RODERICK M. HILLS JR.

Introduction

It is a familiar paradox of collective action that a multimember body can achieve a stable pattern of decisions that none of its members individually endorses. In the first six years of its existence, the Roberts Court has established a pattern of decisions regarding preemption of state by federal law that illustrate this paradox. The decisions follow a pattern that few of the opinions expressly acknowledge and that some justices expressly reject. Looking at what the Court does rather than at what it says, there are grounds for believing that the Court enforces judicially fashioned norms of enumerated powers and state autonomy in preemption doctrine that it refuses to enforce directly in constitutional doctrine. These norms are effectively judicially crafted common law with no obvious home in constitutional text but they might yet be functionally sensible ways of dividing powers in a federal regime all the same. They also appear to guide the Court’s preemption decisions more than any ideological commitment or sympathy for business or other interests.

What does this statutory doctrine of enumerated powers look like? In very rough and summary form, the Court treats “commercial” and “regulatory” contexts differently. As I use these terms, commercial contexts involve federal and state laws having the purpose of defining the rules for bargaining and remedies for breach of bargains, while regulatory contexts involve state and federal laws defining the baseline entitlements over which the parties bargain. I suggest that, in commercial contexts so defined, the Court’s decisions seem to favor preemption; in regulatory contexts, the decisions lean against preemption. In both contexts, the Court enforces the independence of each level of government from the other.

Put simply, the Roberts Court’s decisions seem to follow a traditional script of dual federalism—that is, carving out separate spheres for state and federal governments and enforcing norms of mutual noninterference between these spheres. Since Edwin Corwin’s early-twentieth-century attacks on this idea of separate spheres, scholars (including myself) have generally attacked such judicial efforts to delineate spheres. But the rough-and-ready category of “traditional state concerns” that the Court deploys but never clearly defines might map onto functionally sensible principles of federalism.
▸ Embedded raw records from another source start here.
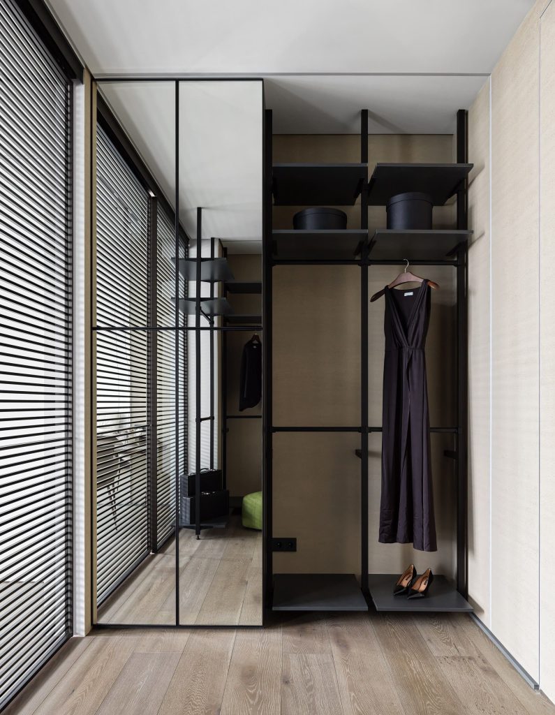 Заказчик — ИТ-специалист, для которого важны стиль, технологии, уют, — мечтал о максимально функциональном современном интерьере с характером. Предполагалось объединить зону кухни, гостиной и столовой, предусмотреть два санузла (при мастер-спальне и кабинете), гостевой санузел, отдельный хозяйственный блок, две гардеробные, дополнительные системы хранения. Мне удалось найти сбалансированное решение для перепланировки, и мы получили комфортную мастер-спальню с гардеробной и душевой, а также кабинет, имеющий собственную ванную и гардеробную.
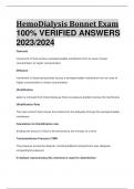 HemoDialysis Bonnet Exam 100% VERIFIED ANSWERS 2023/2024
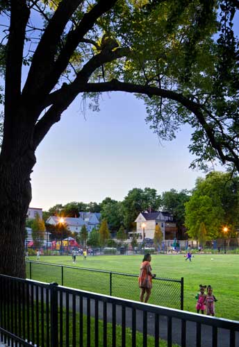 For more than 25 years CBA Landscape Architects has excelled at the design of public and private landscapes. Residential sites from city gardens to estates, public parks and playgrounds, library and museum grounds and commercial developments are all integral components of CBA's portfolio. The firm's work is highly contextual, generating richly detailed compositions that have been published in Landscape Architect and Specifier News, Landscape Architecture Magazine, Garden Design and numerous regional publications. The firm has two principals and four designers. Dr. Loesch Family Park, Codman Square, Dorchester, Mass. Dr. Loesch Family Park was first established in 1899 as an open city block ringed by mature trees. While always a focus of community life, the park developed into a dilapidated hangout for illegal activity. To transform the space, CBA worked with community input to create a design that best responded to the neighborhood's interests and budget. Boston Mayor Menino calls the new park "an oasis in the city." State-of-the-art lighting, a new basketball court, play equipment and seating brought new life and pleasant spaces to the park. Photos: Ed Wonsek

In particular, when the Court enforces federal statutes having the purpose of breaking down regulatory barriers to freedom of contract, then the Court plays a historically familiar and, therefore, judicially congenial role of protecting a national market from state burdens on commerce. One might also argue that preemption is less costly when the state and federal rules in question define the framework for bargaining as opposed to the assignment of entitlements. By contrast, preemption of state laws defining entitlements to health, safety, bodily integrity, and property more generally tend to raise culturally and politically divisive issues that are best handled subnationally in a federal regime. This categorization, more than any reductionist label, best explains the Roberts Court’s preemption decisions to date.